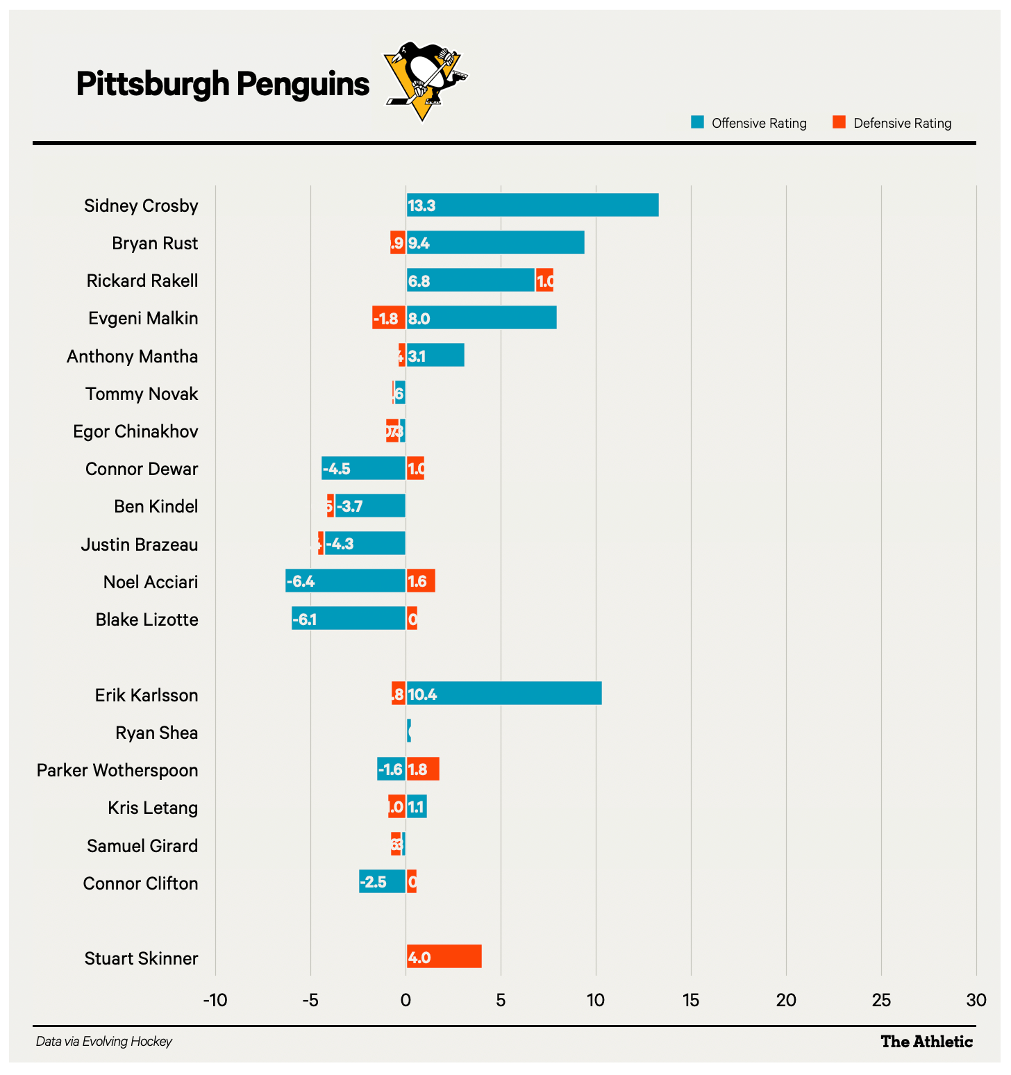 It wasn’t. Crosby has bounced back from his knee injury at the Milan Olympics, putting up positive Game Scores in nine of his last 10 games after some initial wobbliness and continuing, under Muse, to lean into his effectiveness on the forecheck/cycle game. Malkin, in terms of Net Rating, is on a similar scale with Crosby; he’s played almost entirely on the wing this season, a move that may well extend his career. Does that mean that both are primed to turn the clock back to, say, Pittsburgh’s first-round win over Philadelphia in 2009? Maybe, maybe not — and if they dominate, it’s likely to look at least a bit different. The fact that we’re having the discussion, though, is a treat.
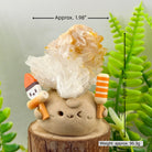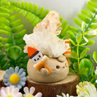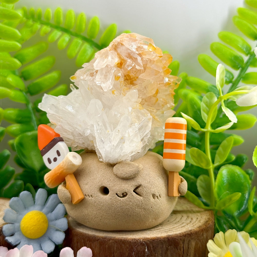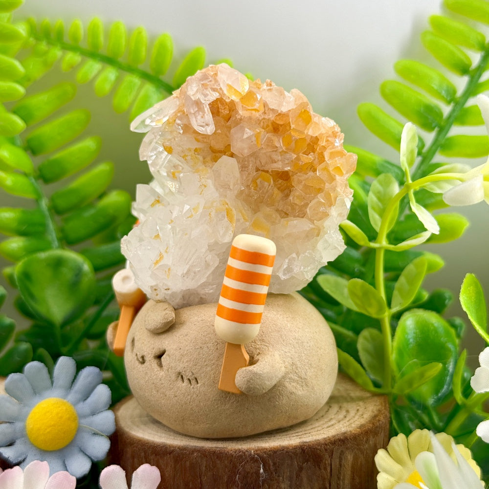 This Yellow Crystal Cluster Crystal Pet is delicately handcrafted from clay by the designer, featuring a warm, rounded shape that radiates sunshine-like positivity and joy. The little bean-shaped figure holds a Japanese chikuwa and a crab stick in its hands, wearing a content and adorable expression—as if savoring the simple, happy moments of everyday life. On its head rests a natural yellow crystal cluster, with layers of golden and clear crystals glistening like morning light cascading over a mountain peak, glowing with vibrant life energy.
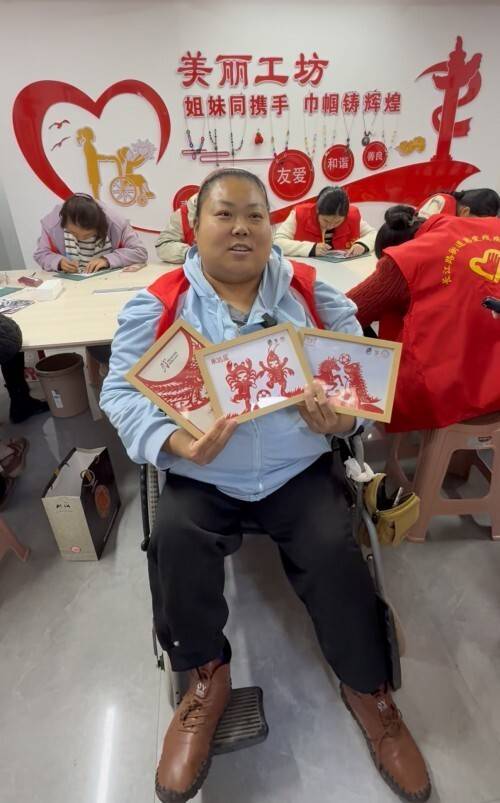 高玲玲自豪地告诉记者:“我2021年就来到了这个残疾人之家,最初做一些安装键盘等简单的手工活。2023年进入美丽工坊之后,我一下子就爱上了剪纸。老师们耐心地教导,我也用心学习,并没有觉得有多难。现在每天都过得非常充实,不再胡思乱想,更不会觉得生活没有希望了。”她还兴奋地展示了自己的作品,其中不少都曾亮相“淮马”和“苏超”等赛事活动。通过这份手工创作的收入,高玲玲攒钱购买了一辆残疾人三轮车,现在每天骑着它往返于家和残疾人之家,日子过得充实而充满希望。
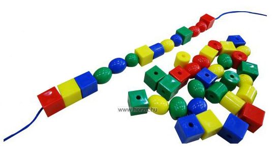A csomagban található zsinórra tetszőlegesen fel lehet fűzni a formákat, vagy gyakorolhatjuk a sorrendiséget.

****************************************

Work item: Would you please set down the listing above exactly, minus its images?

Written response:
 It wasn’t. Crosby has bounced back from his knee injury at the Milan Olympics, putting up positive Game Scores in nine of his last 10 games after some initial wobbliness and continuing, under Muse, to lean into his effectiveness on the forecheck/cycle game. Malkin, in terms of Net Rating, is on a similar scale with Crosby; he’s played almost entirely on the wing this season, a move that may well extend his career. Does that mean that both are primed to turn the clock back to, say, Pittsburgh’s first-round win over Philadelphia in 2009? Maybe, maybe not — and if they dominate, it’s likely to look at least a bit different. The fact that we’re having the discussion, though, is a treat.
 This Yellow Crystal Cluster Crystal Pet is delicately handcrafted from clay by the designer, featuring a warm, rounded shape that radiates sunshine-like positivity and joy. The little bean-shaped figure holds a Japanese chikuwa and a crab stick in its hands, wearing a content and adorable expression—as if savoring the simple, happy moments of everyday life. On its head rests a natural yellow crystal cluster, with layers of golden and clear crystals glistening like morning light cascading over a mountain peak, glowing with vibrant life energy.
 高玲玲自豪地告诉记者:“我2021年就来到了这个残疾人之家,最初做一些安装键盘等简单的手工活。2023年进入美丽工坊之后,我一下子就爱上了剪纸。老师们耐心地教导,我也用心学习,并没有觉得有多难。现在每天都过得非常充实,不再胡思乱想,更不会觉得生活没有希望了。”她还兴奋地展示了自己的作品,其中不少都曾亮相“淮马”和“苏超”等赛事活动。通过这份手工创作的收入,高玲玲攒钱购买了一辆残疾人三轮车,现在每天骑着它往返于家和残疾人之家,日子过得充实而充满希望。
A csomagban található zsinórra tetszőlegesen fel lehet fűzni a formákat, vagy gyakorolhatjuk a sorrendiséget.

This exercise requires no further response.